It’s time to invest more in universal child care

Posted on December 17, 2017 in Child & Family Policy Context – Opinion/Editorials – Child care fees in Toronto have skyrocketed by 21.4 per cent in the last three years, causing some parents to wonder whether they can afford to have another child. The federal government must invest in universal child care as other progressive countries do.
Dec. 17, 2017.   By

Toronto is already the most expensive city in Canada when it comes to child care, and the situation keeps getting worse.

A new study from the Canadian Centre for Policy Alternatives finds that median fees for preschoolers have jumped 21.4 per cent or $214 a month, in the past three years. That’s almost six times faster than inflation.

Fees are now $1,212 a month, or $14,544 a year. And median monthly fees are even higher for infants at $1,758 and toddlers at $1,354. An average couple with two young kids could end up paying close to half its after-tax income on child care alone.

No wonder then that parents like Caroline Starr and Matt Reid, who pay $1,600 a month in child care fees for their 3-year-old preschooler Charlie, are wondering whether they can afford to have a second child.

It is unconscionable that parents in a country as rich as Canada are forced to make these kinds of heart-wrenching decisions. But too many are.

The solution? The federal government should work toward creating an affordable, universal child care program for families across the country. It only makes sense. Study after study has shown it would help women get back into the work force, boost family incomes, close the wage gap between men and women, improve early childhood skills for poor kids, add to government coffers — and, most importantly, reduce child poverty.

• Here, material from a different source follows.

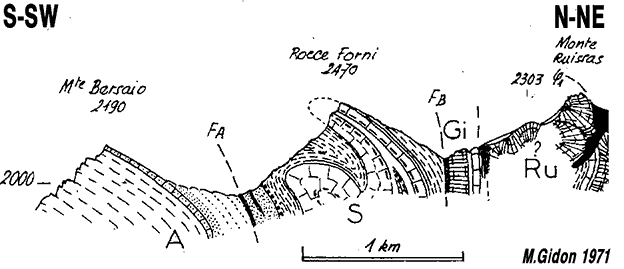 4 du schéma ci dessous) = surface de chevauchement de l'unité de la Piconiera ; f.B = faille du Bric Bernoir, séparant l'unité du Giordano de la précédente et sectionnant en biais cette dernière ; ØRu (=

Prime Minister Justin Trudeau need only look at Quebec to see the immense advantages of providing universal child care on a national scare.

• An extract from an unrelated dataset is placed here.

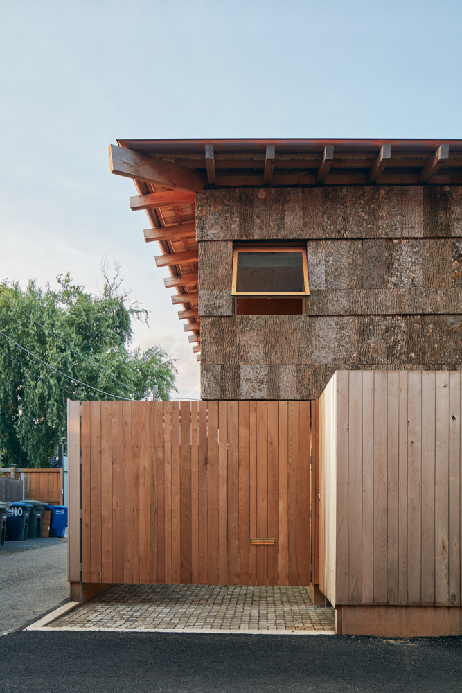 Overbeck Alley, a single-family house that combines healthy construction materials, including a cork-clad facade reinforced by black locust wood slats and bamboo structural walls with cellulose and hemp insulation, with elements like a fenced-in terrace and a rooftop garden that balances privacy and light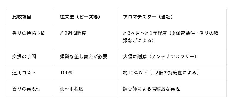 従来主流であったビーズタイプの香り見本では実現が難しかった「香りの持続性」「再現性」「運用コスト」の課題を解決したのが当社の「アロマテスター」です。香りの持続性・再現性・コストパフォーマンスにおいて大きな優位性を持つ、次世代の香り見本として多くの企業に採用されています。導入企業からは「製品の香りをしっかり体感できる」「店頭に長期間設置しても香りが持続する」

There, fees range from $168 to $183 a month depending on parents’ ability to pay. As a result, even though the province has the second-lowest household income level in the country, it also has the second-lowest rate of child poverty. Statistics Canada says that is thanks to having the lowest child care costs and the most generous child benefits of anywhere in the country.

Nor is the cost to the province an insurmountable barrier. Studies of the Quebec model have shown it pays for itself with economic benefits. In fact, 40 per cent of the cost is recovered in income and payroll taxes alone.

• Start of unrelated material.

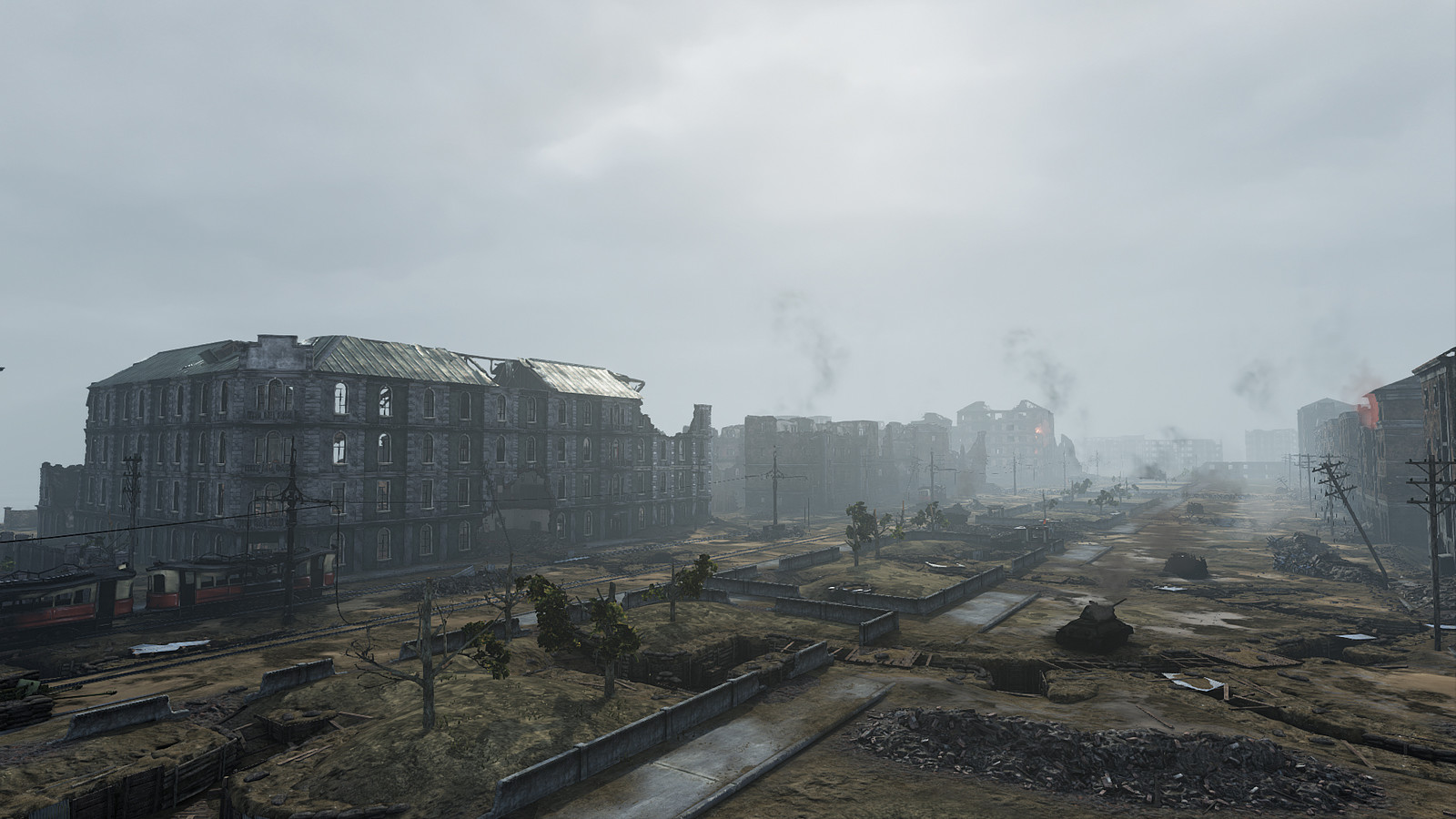 Volga Banks was made in close collaboration with Elliot Burgess using Red Orchestra 2 as a platform. The map is set during the Battle of Stalingrad before the onset of winter, where the Red Army was desperately clinging on to a thin slither of land on the banks of the Volga River. We crafted a war ravaged city with intricate detail, interesting combat spaces and paths winding through trenches connecting basements and buildings. The environment was tailored to the type of gameplay experience we wanted, dozens of huge unique buildings complete with interiors were made to achieve this.

(The same could be expected in Ontario, where a recent provincial government study found that every dollar invested in child care adds $2.47 to the provincial economy.)

Further, Quebec is not an outlier. The $2.4 billion it spends on child care annually is about 0.6 per cent of the province’s GDP. That is close to the average spent on child care by the Organization for Economic Co-operation and Development countries, and below the 1 per cent recommended by UNICEF.

In contrast the OECD ranked Canada, which overall spends about 0.34 per cent of GDP on child care programs (a figure, let’s not forget, that is boosted by Quebec’s investment), dead last out of 25 countries for quality and accessibility.

Indeed, outside of Quebec, it’s not just the cost of child care that is problematic but the lack of access to quality licensed child care spaces. A recent study, for example, found that three-quarters of Toronto families can’t afford licensed child care. Many middle-income families make too much money to be eligible for fee subsidies but not enough to afford the staggering costs. Poor and moderate income families, meanwhile, face a Toronto waitlist of 14,000 to access subsidized daycare.

Back in 2005 the Liberal government of Paul Martin found the money to invest $5 billion over five years to kick-start a universal child-care system across the country. Unfortunately, the plan was scuttled when the Harper government was elected in 2006. So far, all the Trudeau government has offered up — in 2017 dollars — is a paltry $7 billion over 10, not five, years.

That’s not nearly enough, quickly enough. It’s time Canada joined Quebec and other OECD countries in prioritizing the care of our most precious resource: children. An affordable, universal child care program would go a long way toward protecting them, helping families and boosting the economy and tax revenues. It’s long past time it was in place.